Task to carry out:
Taking the entries below, transcribe only the lines starting with the one with "(roofed, fenced). MA20017757" and going on through the one with "This greeting card", exactly as written, without the pictures.

Materials provided:

┄┄┄┄┄┄┄┄┄┄┄┄┄┄┄┄┄┄┄┄

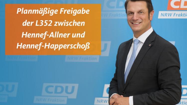 Nach langer Sanierung ist die L352 zwischen Hennef-Allner und Hennef-Happerschoß – wie vom Landesbetrieb Straßen.NRW angekündigt – heute fristgerecht vor dem Beginn der Sommerferien wieder freigegeben worden. Dazu erklärt der CDU-Landtagsabgeordnete Björn Franken:
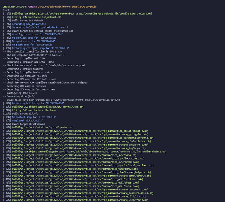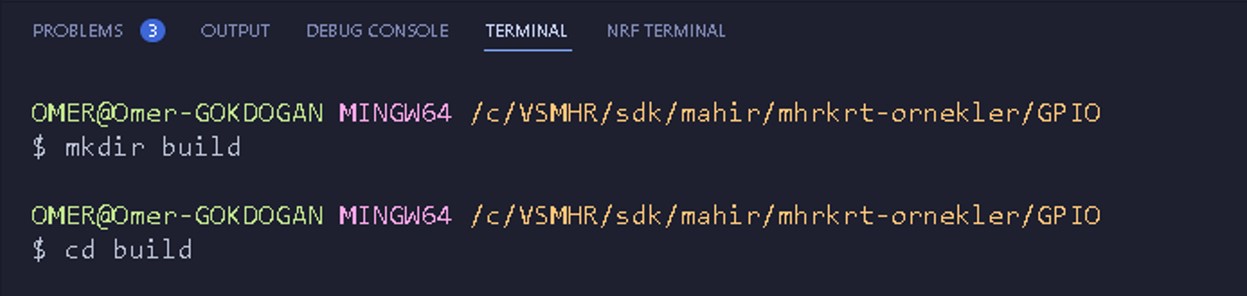 Visual Code’dan terminal açın. Terminaliniz bash olsun. Bulunduğunuz dizin main.c dosyanızla aynı dizinde olmalıdır. Her şey tamam ise şimdi kodlamaya geçelim. İlk olarak Build alacağımız klasörü oluşturalım • mkdir build Ardından build klasörünün içine girelim • cd build
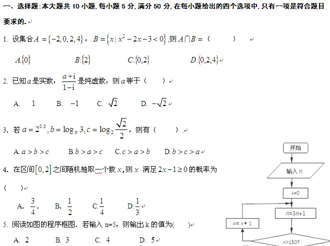 广东省梅州市某重点中学2013-2014学年高二下学期期中考试(数学文)
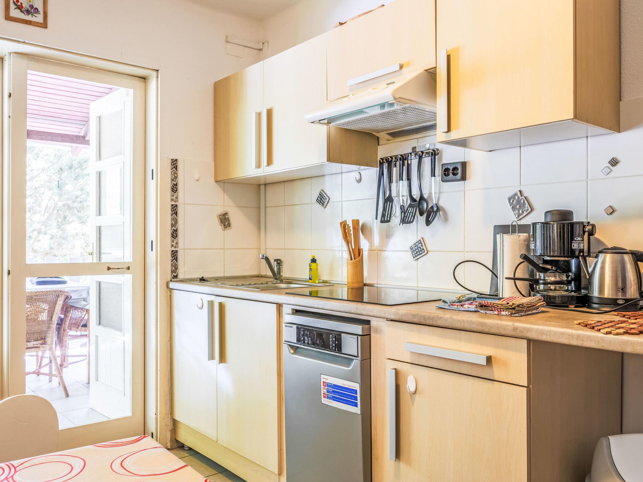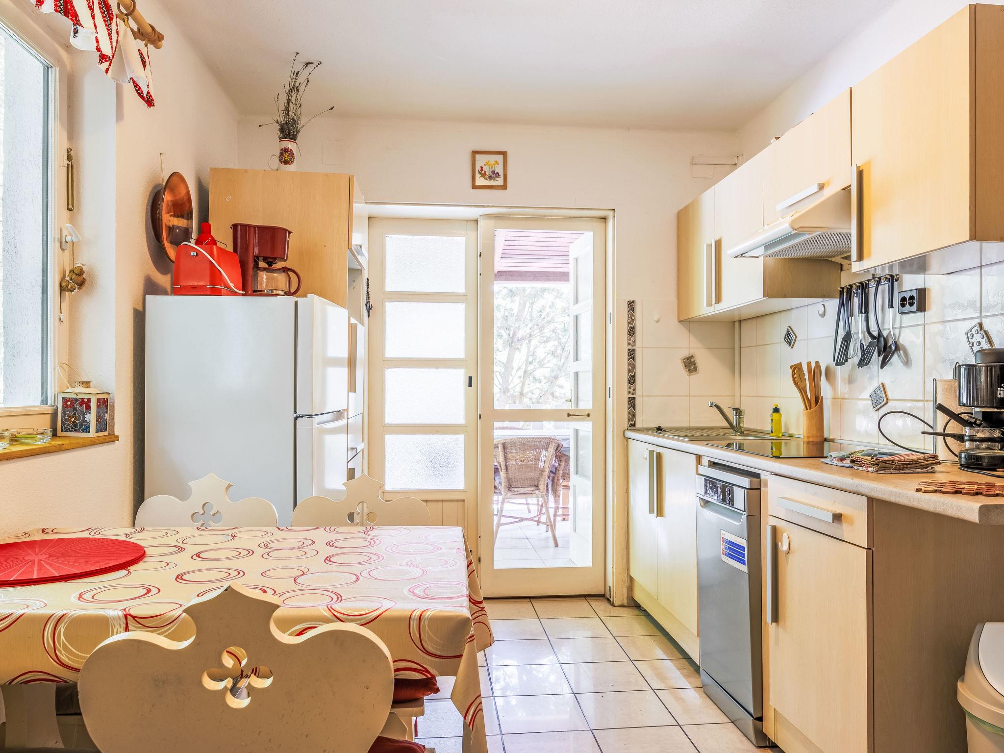 "Violetta", 4-room semi-detached house 80 m2 on 2 levels. Partly renovated in 2022, cosy furnishings: living room with cable TV. Open kitchen (4 hot plates, oven, dishwasher, toaster, kettle, microwave, electric coffee machine). Bath/WC. Heating, air-conditioning (extra). Heating not available in all rooms. Upper floor: entrance hall with 1 bed. 1 room with 2 beds. 1 room with 1 bed, 1 french bed and cable TV. Exit to the balcony. Bath/WC. Terrace roofed. Terrace furniture, deck chairs. Facilities: washing machine. Parking (roofed, fenced). MA20017757
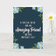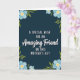 This greeting card features a deep navy background like a calm night sky, with a centered message in crisp white letters that feels like a gentle note between close friends ❤️. Near the top, a short line in simple all-caps sits above the main phrase, drawing your eye downward in an easy flow. The words “Amazing Friend” appear larger in a flowing, cursive-style look, giving the lettering a softer, more affectionate tone without needing extra flourishes. Botanical illustrations frame the design in all four corners, as if the message is being quietly offered with flowers in hand 🌼. Each bloom has pale blue petals with subtle shading and a warm yellow center, while fresh green leaves and thin stems curl inward toward the text. The open space around the wording keeps everything easy to read, while the corner flowers add a tender, companionable feel to the scene. In the corners, the blue flowers and green leaves angle toward the center, with yellow flower centers glowing gently against the dark background.
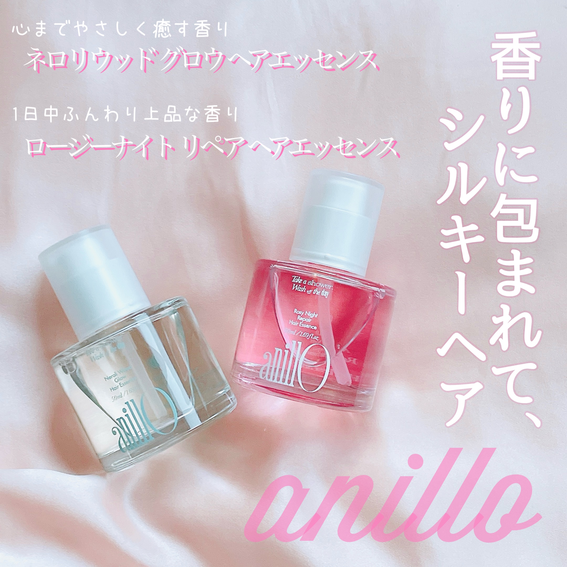香りまで“褒められる髪”にしたいならanilloが優勝🏆 軽いのにしっとりまとまってふんわり香りが続くヘアエッセンス♡💚ネロリウッド(軽やかツヤ系) ネロリ×ホワイトフラワーの上品な香り。 カラー後のパサつき髪にも◎❤️ロージーナイト(しっと...
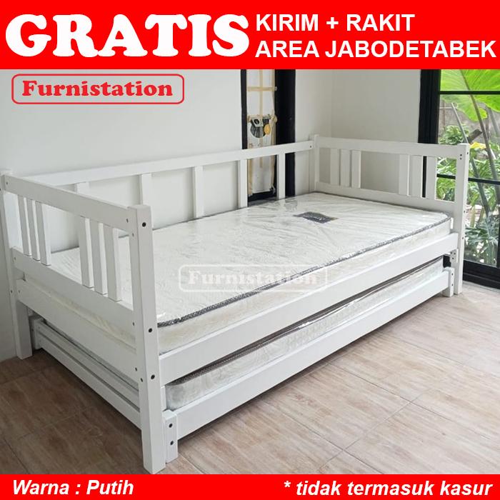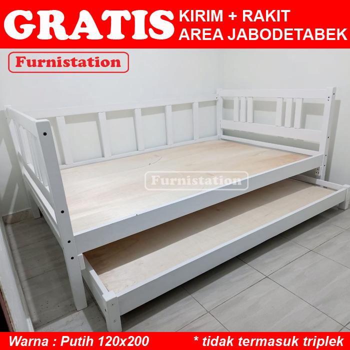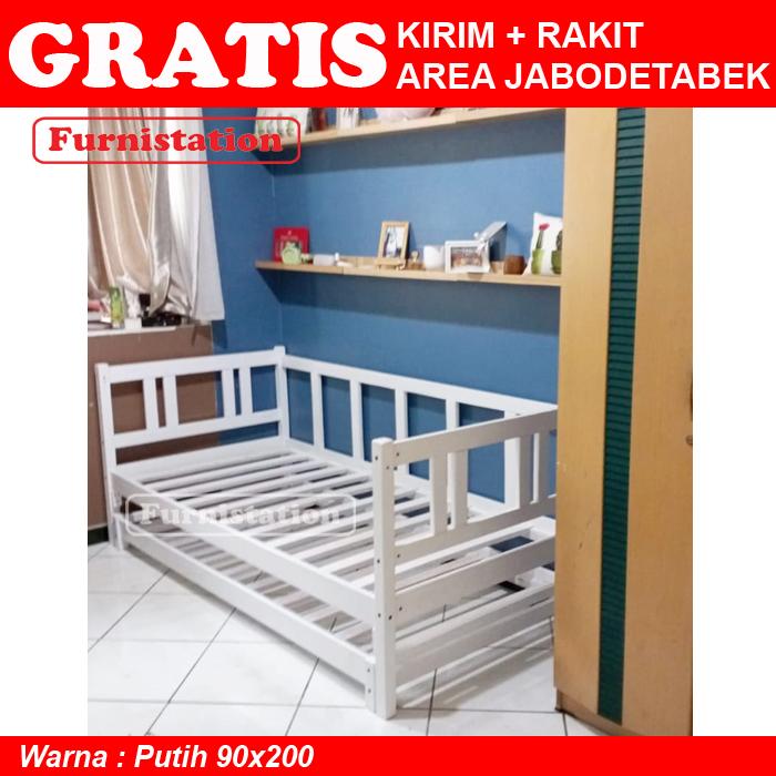 SOFABED DENGAN SINGLE BED RANJANG SORONG RANJANG KAYU MINIMALIS - 100X200
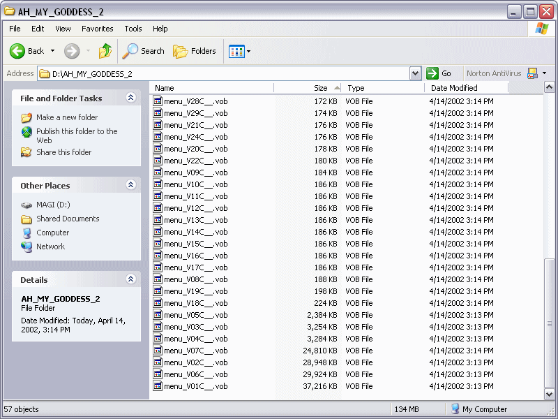 Congrats, step one is complete. Next we need to do some organizing to make our lives easier. Go to your main folder, there should be a bunch of .vob files named "menu_V01C__.vob", "menu_V02C__.vob" and so on. These are all of your individual menus. If there are a lot, god help you, if there are a few, you got lucky. Anyway, we need to separate these and put them in the Motion Menus, Transitions, and Stills folders that you created at the beginning. The easiest way to do this is by clicking "arrange icons by size" and "view details" in explorer. The folder should look something like this;

┄┄┄┄┄┄┄┄┄┄┄┄┄┄┄┄┄┄┄┄

Completed exercise:
 "Violetta", 4-room semi-detached house 80 m2 on 2 levels. Partly renovated in 2022, cosy furnishings: living room with cable TV. Open kitchen (4 hot plates, oven, dishwasher, toaster, kettle, microwave, electric coffee machine). Bath/WC. Heating, air-conditioning (extra). Heating not available in all rooms. Upper floor: entrance hall with 1 bed. 1 room with 2 beds. 1 room with 1 bed, 1 french bed and cable TV. Exit to the balcony. Bath/WC. Terrace roofed. Terrace furniture, deck chairs. Facilities: washing machine. Parking (roofed, fenced). MA20017757
 This greeting card features a deep navy background like a calm night sky, with a centered message in crisp white letters that feels like a gentle note between close friends ❤️. Near the top, a short line in simple all-caps sits above the main phrase, drawing your eye downward in an easy flow. The words “Amazing Friend” appear larger in a flowing, cursive-style look, giving the lettering a softer, more affectionate tone without needing extra flourishes. Botanical illustrations frame the design in all four corners, as if the message is being quietly offered with flowers in hand 🌼. Each bloom has pale blue petals with subtle shading and a warm yellow center, while fresh green leaves and thin stems curl inward toward the text. The open space around the wording keeps everything easy to read, while the corner flowers add a tender, companionable feel to the scene. In the corners, the blue flowers and green leaves angle toward the center, with yellow flower centers glowing gently against the dark background.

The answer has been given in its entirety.